As we all know, tax cut has been proposed for employees. However, it does not come from your pay packet. It is available when you lodge your annual tax return. Government has introduced Low And Middle Income Tax Offset (LAMITO) $530 for those who earn below $90,000. For taxpayers with taxable incomes from $90,001 to $125,333, the offset will phase out at a rate of 1.5 cents per dollar.

Dilruk’s Comment; This is great for low & middle income earners. $10 per week, something better than nothing. This is non refundable tax offset ( If you have not paid any tax, you can’t claim it)

The Government has proposed the following changes to the personal income tax rates:

From 1 July 2024, the Government will extend the top threshold of the 32.5% personal income tax bracket from $120,000 to $200,000. The 32.5% tax bracket will apply to taxable incomes of $41,001 to $200,000 and taxpayers with taxable incomes exceeding $200,000 will pay tax at the top marginal rate of 45%.

Dilruk’s Comment; 6 years to go but it is better for high income earners. Hope everyone’s income will increase in 6 years time.

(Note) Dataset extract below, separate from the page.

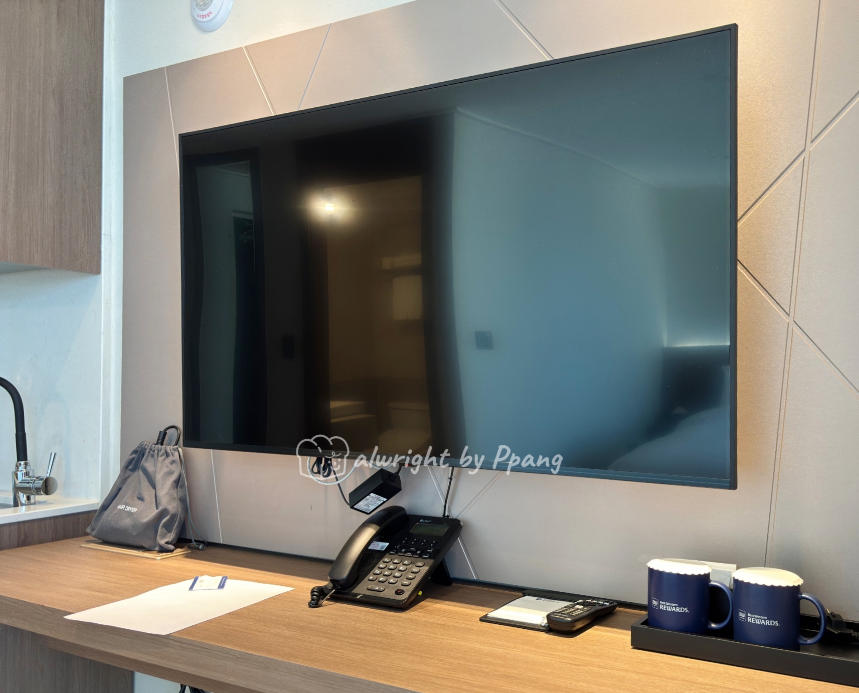 침대 앞쪽 전면에 TV가 있다. 남부럽지 않은 사이즈인 것도 맘에 든다.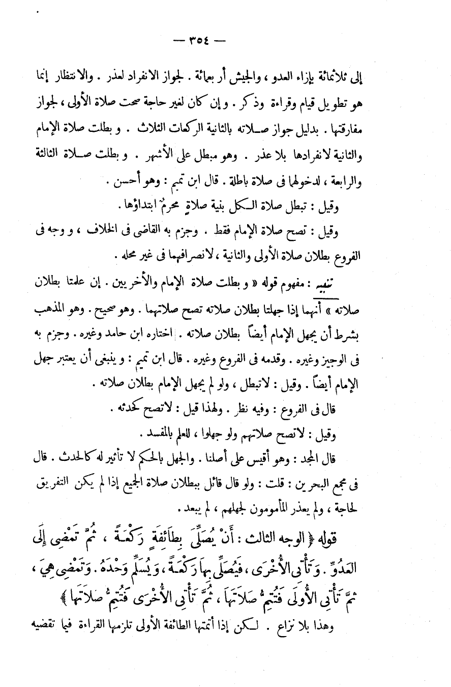 إلَى ثَلَاثِمِائَةٍ بِإِزَاءِ الْعَدُوِّ، وَالْجَيْشُ أَرْبَعُمِائَةٍ. لِجَوَازِ الِانْفِرَادِ لِعُذْرٍ. وَالِانْتِظَارُ إنَّمَا هُوَ تَطْوِيلُ قِيَامٍ وَقِرَاءَةٍ وَذِكْرٍ. وَإِنْ كَانَ لِغَيْرِ حَاجَةٍ صَحَّتْ صَلَاةُ الْأُولَى، لِجَوَازِ مُفَارَقَتِهَا. بِدَلِيلِ جَوَازِ صَلَاتِهِ بِالثَّانِيَةِ الرَّكَعَاتِ الثَّلَاثَ. وَبَطَلَتْ صَلَاةُ الْإِمَامِ وَالثَّانِيَةُ لِانْفِرَادِهَا بِلَا عُذْرٍ. وَهُوَ مُبْطِلٌ عَلَى الْأَشْهَرِ، وَبَطَلَتْ صَلَاةُ الثَّالِثَةِ وَالرَّابِعَةِ، لِدُخُولِهِمَا فِي صَلَاةٍ بَاطِلَةٍ. قَالَ ابْنُ تَمِيمٍ: وَهُوَ أَحْسَنُ، وَقِيلَ: تَبْطُلُ صَلَاةُ الْكُلِّ بِنِيَّةِ صَلَاةٍ مُحَرَّمٍ ابْتِدَاؤُهَا. وَقِيلَ: تَصِحُّ صَلَاةُ الْإِمَامِ فَقَطْ. وَجَزَمَ بِهِ الْقَاضِي فِي الْخِلَافِ، وَوَجَّهَ فِي الْفُرُوعِ بُطْلَانَ صَلَاةِ الْأُولَى وَالثَّانِيَةِ، لِانْصِرَافِهِمَا فِي غَيْرِ مَحَلِّهِ.

Business Assets write off $20,000 has extended.

The Government will extend the $20,000 immediate write-off for small business by a further 12-months to 30 June 2019 for businesses with aggregated annual turnover less than $10 million.

Dilruk’s Comment; Fantastic for small businesses, this is straight deduction from your profit. You can claim assets under 20K such as computers, Motor Vehicle or office furniture.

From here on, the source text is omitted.